How do we reduce time take by Convert to Rel phase?
In general what are the best practices to reduce the time taken in planning phase.
@desi
I tried the cleanup, but that did not reduce the planning time.
@balaji.ramaswamy Sorry to tag you directly. But is there some document where I can understand about convert to rel and what impacts the performance of convert to rel.
The planning time for the same query on different clusters are different. The Kuberenetes pod sizing is same. One cluster has more spaces and VDS.
The query only uses two VDS.
Basically planning is reading the db metadata. Look in your dremio conf on master node where it is storing the db folder - ensure that access to it is fast from the cluster which is running it slow.
If you have two clusters each with master node, then check they both have their own unique db folder end-point, not shared. If it is shared, one of the coordinators will automatically become a stand-by as the master will lock the db folder database.
Either way, the problem is in the environment. As a test you can do this test, stop the cluster that is running planning fast. Take the 2 config files dremio conf and env and copy them to slow planning running master node, start it and test it. Ensure you only do select type operations, no not create anything. Ensure no one is connecting to your cluster also.
@Rakesh_Malugu
Please find the below profile.
The cluster with Dremio 4.0.5 takes less than a second to plan a simple select query.
Cluster with Dremio 4.6.1 takes 2.4 seconds for planning.
The dataset is a single file in S3. dremio-4.6.1_profile.zip (16.3 KB) dremio-4.0.5_profile.zip (11.6 KB)
@balaji.ramaswamy
For this cluster the validation time has reduced to 1ms. But the same dataset on another cluster always gives validation time greater than 3secs, cannot share the profile of that cluster.
We are creating VDS on top of this PDS and querying the VDS after enabling the reflection.
Can you suggest what we can do to get a consistent planning time. Any information about the factors which affect the planning time would be helpful.

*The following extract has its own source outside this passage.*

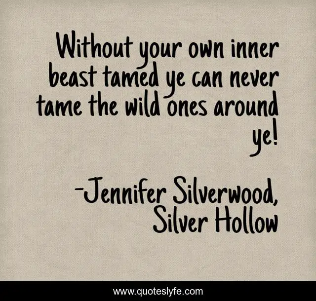 This page presents the quote "Without your own inner beast tamed ye can never tame the wild ones around ye!". Author of this quote is Jennifer Silverwood, Silver Hollow. This quote is about fairy-tale, fantasy-fiction, paranormal-romance,.
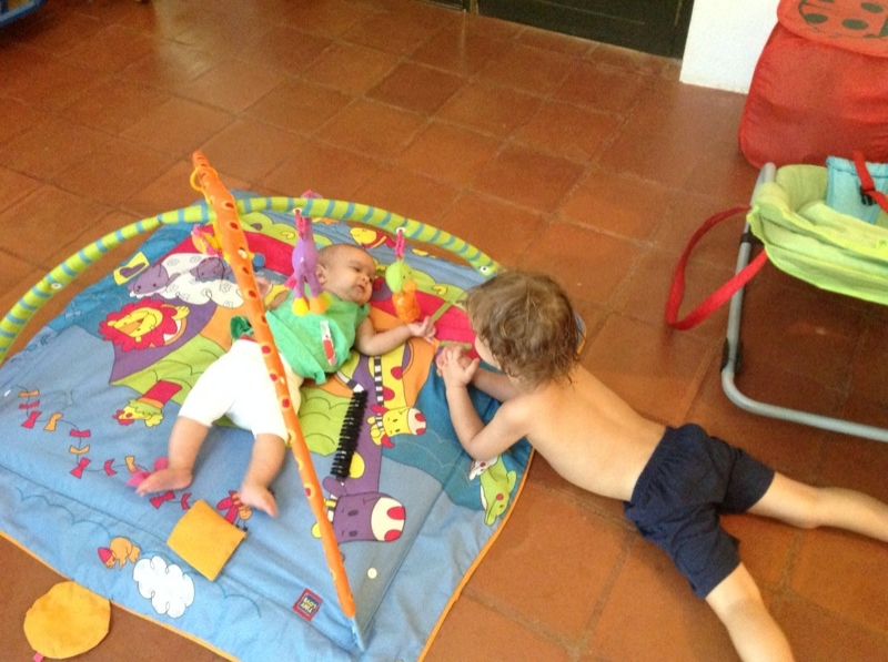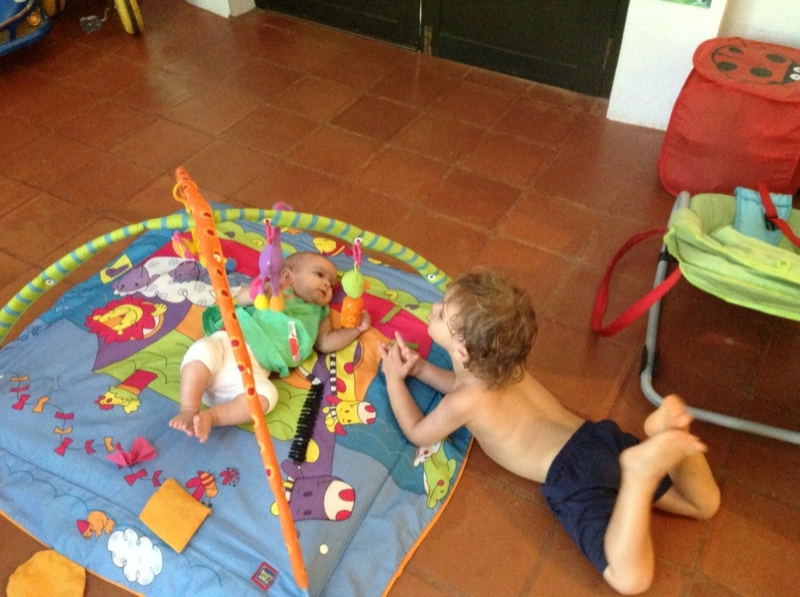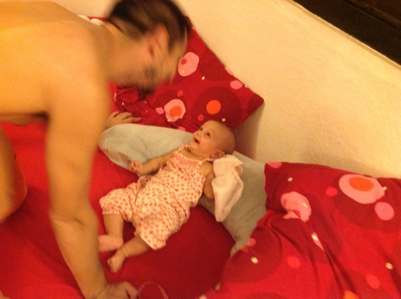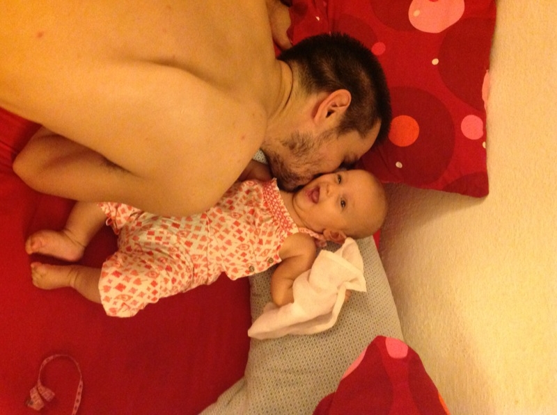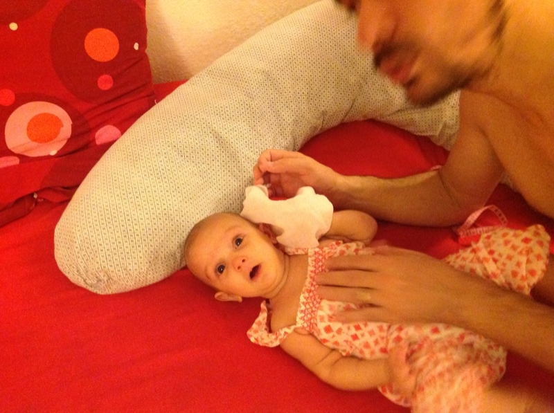 Aujourd’hui, Sienna c’est retournée du dos au ventre pour la première fois! Et c’est grâce à Milo qui a passé une bonne dizaine de minutes à la tourner dans tous les sens… 🙂

The time you see in validation was metadata, we usually Cache Metadata via the source background refresh job but if the table is new (first time queried) or metadata has expired then we do it during query run time, that is the reason you did not see the high planning time on the second run. Regrading your second cluster, see if the time is again metadata then second onwards should be fine. It is also a good idea to check your metadata settings on your source to make sure your expiry interval > refresh interval
We have filed an internal ticket to address the issue, meanwhile please use the fully qualified name like “s3-cuddle-data”.“dev-backup”.cuddle_bauer.“merged-uk”.“merged.csv”